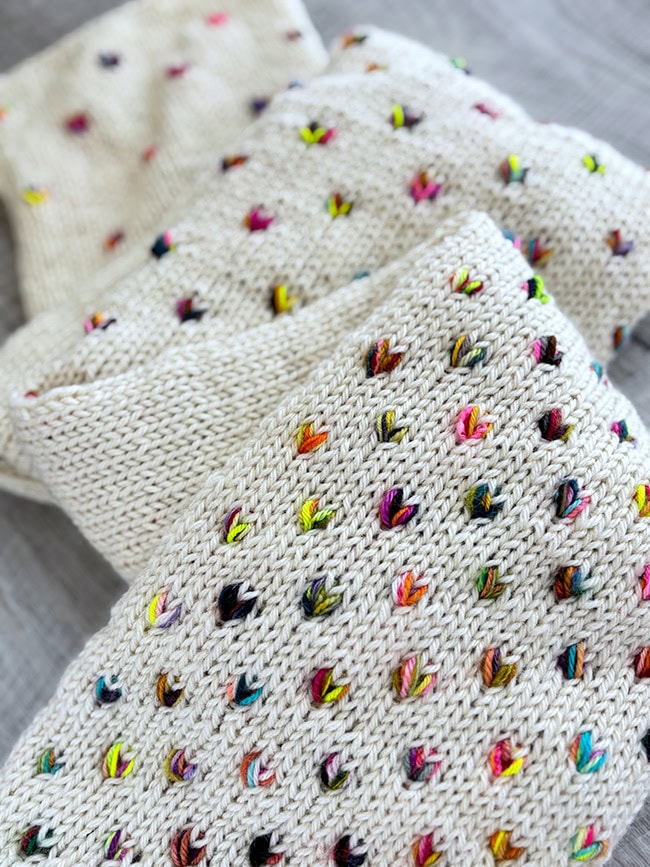 - 3 strands of fingering/sock weight, 2 strands of worsted weight and 1 strand of lace weight - K thrum - Working a Thrummed stitch:
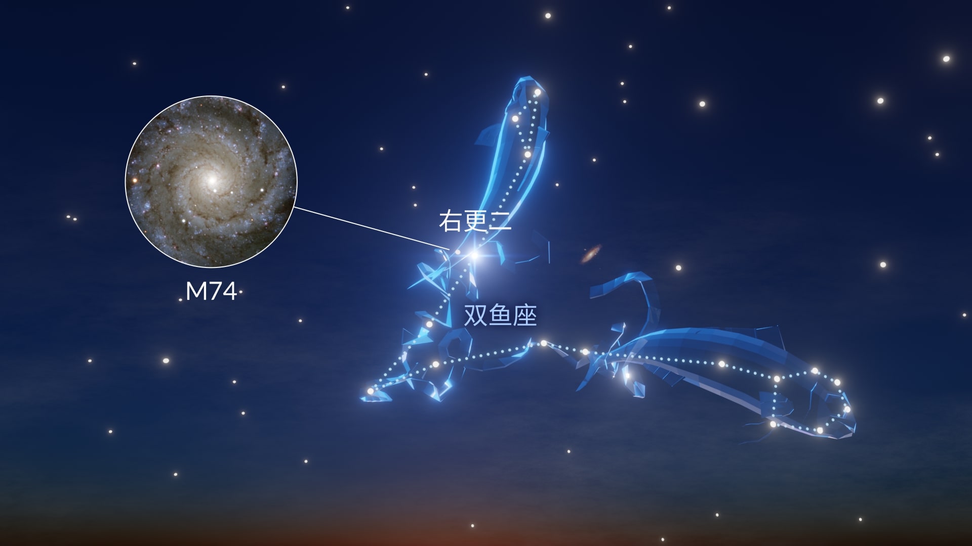 双鱼座较暗,最好在光污染极低的乡村夜空中观测。它位于飞马座大四边形以南,最容易辨认的部分是“圆环”(Circlet)——由七颗暗星组成的紧凑圆环,标志着西鱼的头部。
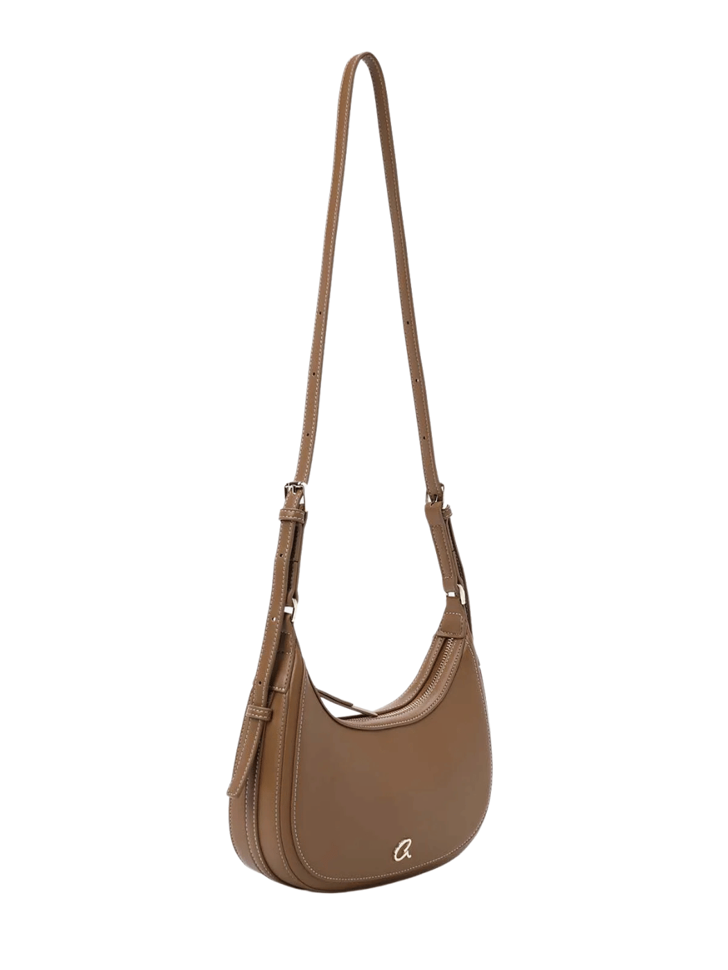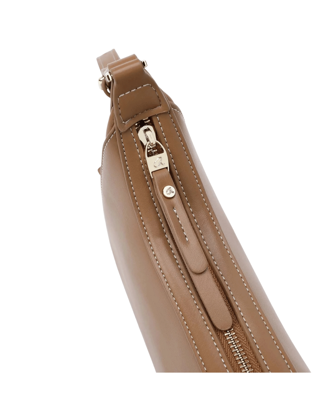 Γυναικεία τσάντα ώμου σε οβάλ σχήμα, με εξωτερικά γαζιά και από υψηλής ποιότητας τεχνόδερμα. Εσωτερικά έχει φόδρα, ανοιχτές θήκες και τσέπη που κλείνει. Διαθέτει ρυθμιζόμενο λουράκι για να φοριέται και χιαστί και κλείνει με φερμουάρ.

......

EXERCISE:
Take the material above from its first line through the line holding "双鱼座较暗,最好在光污染极低" and set it down exactly, without the pictures.

PROBLEM SOLUTION:
 - 3 strands of fingering/sock weight, 2 strands of worsted weight and 1 strand of lace weight - K thrum - Working a Thrummed stitch:
 双鱼座较暗,最好在光污染极低的乡村夜空中观测。它位于飞马座大四边形以南,最容易辨认的部分是“圆环”(Circlet)——由七颗暗星组成的紧凑圆环,标志着西鱼的头部。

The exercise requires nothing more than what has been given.